Index parallel tasks deadlock

Hey everybody!

I’m here because I’m facing the following problem and want to see if there is a solution for it, or at least a better workaround.

The situation is the following, At Jampp we have an aggregator system that periodically (couple of times per hour) generates ORC files that are ingested by Druid using batch inserts, with index parallel and 2 concurrent subtasks.

We’ve been in the situation when we end up posting too many index parallel jobs, and Druid ends up in a deadlock because it only runs the coordinating tasks and has no slots for the actual processing.

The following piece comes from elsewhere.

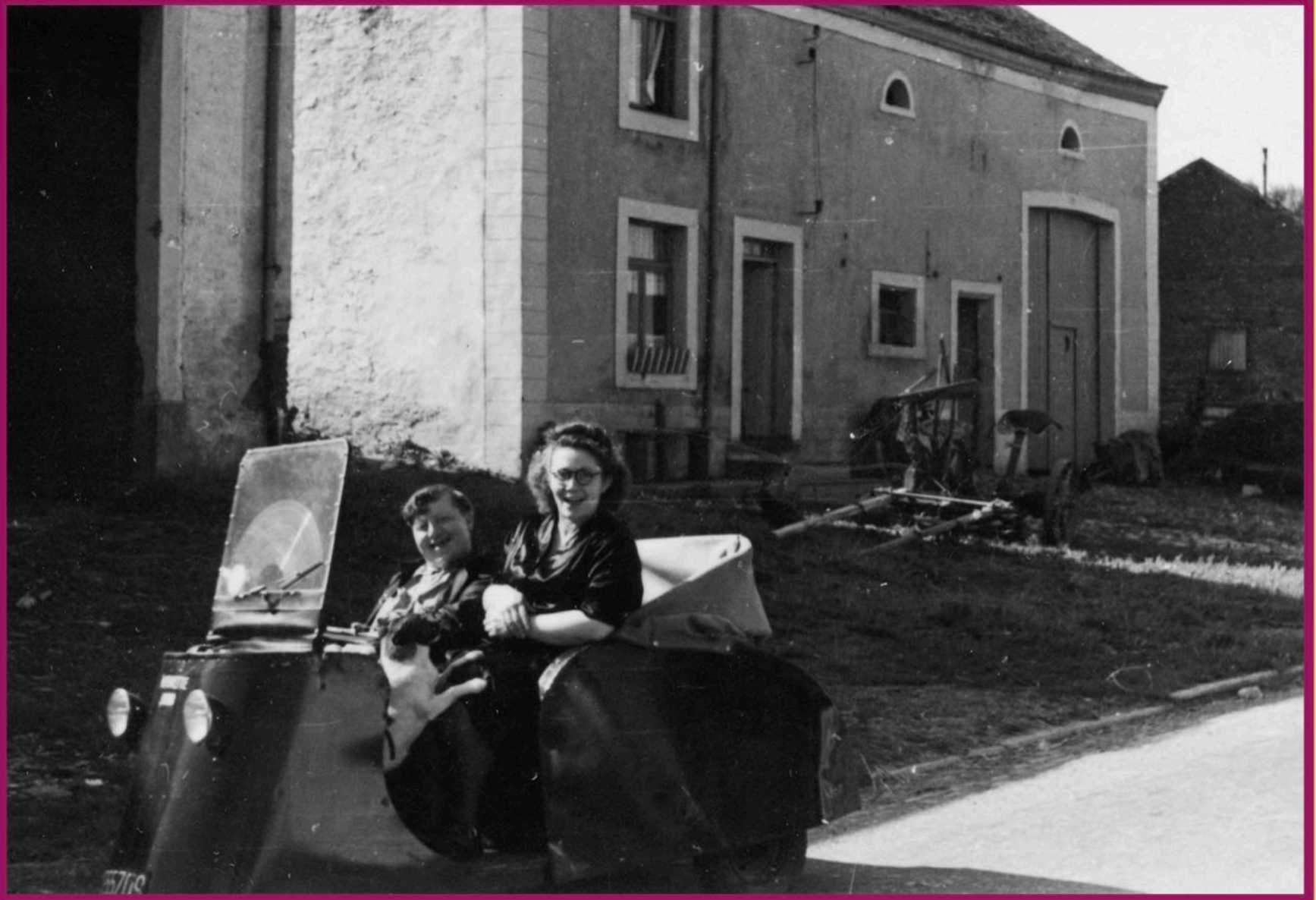
Et maintenant une "voiturette Morette" roule ma poule au revoir les amis

With this in mind, the following questions arose:

  1. Is there a way to set up a particular middle manager to exclusively handle this coordinating tasks? (Much like and exclusive CORE partition on a YARN cluster).
  2. Is there a way to prioritise concurrent subtasks over the coordinators, to avoid this deadlock?
  3. Is there a third option, that we are not seeing, that would allow us to prevent this deadlock?

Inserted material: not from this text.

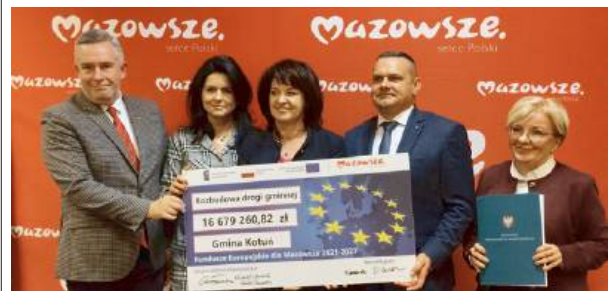
Gmina Kotuń otrzyma 16,7 mln zł na rozbudowę drogi wojewódzkiej.

What we are currently doing is limiting the concurrency of posted jobs on the client side, but as the amount of clients starts to increase, controlling this becomes more difficult.

Ingestion spec ``` { "type": "single_phase_sub_task", "id": "single_phase_sub_task_aperol_master_olkghdcn_2021-07-06T14:40:26.555Z", "groupId": "druid_master_7257368_0", "resource": { "availabilityGroup": "single_phase_sub_task_aperol_master_olkghdcn_2021-07-06T14:40:26.555Z", "requiredCapacity": 1 }, "supervisorTaskId": "druid_master_7257368_0", "numAttempts": 0, "spec": { "dataSchema": { "dataSource": "aperol_master", "timestampSpec": { "column": "created", "format": "millis", "missingValue": null }, "dimensionsSpec": { "dimensions": [ ... ], "dimensionExclusions": [ ... ] }, "metricsSpec": [ ... ] }, "transformSpec": { "filter": null, "transforms": [] } }, "ioConfig": { "type": "index_parallel", "inputSource": { "type": "s3", "uris": null, "prefixes": null, "objects": [ ... ], "properties": null }, "inputFormat": { "type": "orc", "flattenSpec": { "useFieldDiscovery": true, "fields": [] } }, "appendToExisting": true }, "tuningConfig": { "type": "index_parallel", "maxRowsPerSegment": 5000000, "appendableIndexSpec": { "type": "onheap" }, "maxRowsInMemory": 1000000, "maxBytesInMemory": 0, "maxTotalRows": null, "numShards": null, "splitHintSpec": null, "partitionsSpec": { "type": "dynamic", "maxRowsPerSegment": 5000000, "maxTotalRows": null }, "indexSpec": { "bitmap": { "type": "roaring", "compressRunOnSerialization": true }, "dimensionCompression": "lz4", "metricCompression": "lz4", "longEncoding": "longs", "segmentLoader": null }, "indexSpecForIntermediatePersists": { "bitmap": { "type": "roaring", "compressRunOnSerialization": true }, "dimensionCompression": "lz4", "metricCompression": "lz4", "longEncoding": "longs", "segmentLoader": null }, "maxPendingPersists": 0, "forceGuaranteedRollup": false, "reportParseExceptions": true, "pushTimeout": 0, "segmentWriteOutMediumFactory": null, "maxNumConcurrentSubTasks": 2, "maxRetry": 5, "taskStatusCheckPeriodMs": 1000, "chatHandlerTimeout": "PT10S", "chatHandlerNumRetries": 5, "maxNumSegmentsToMerge": 100, "totalNumMergeTasks": 10, "logParseExceptions": true, "maxParseExceptions": 0, "maxSavedParseExceptions": 1, "maxColumnsToMerge": -1, "buildV9Directly": true, "partitionDimensions": [] } }, "context": { "forceTimeChunkLock": false, "taskLockTimeout": 14400000 }, "dataSource": "aperol_master" } ```

Relates to Apache Druid 0.21.0

Hmmm… maybe you could use a strong affinity for your tasks?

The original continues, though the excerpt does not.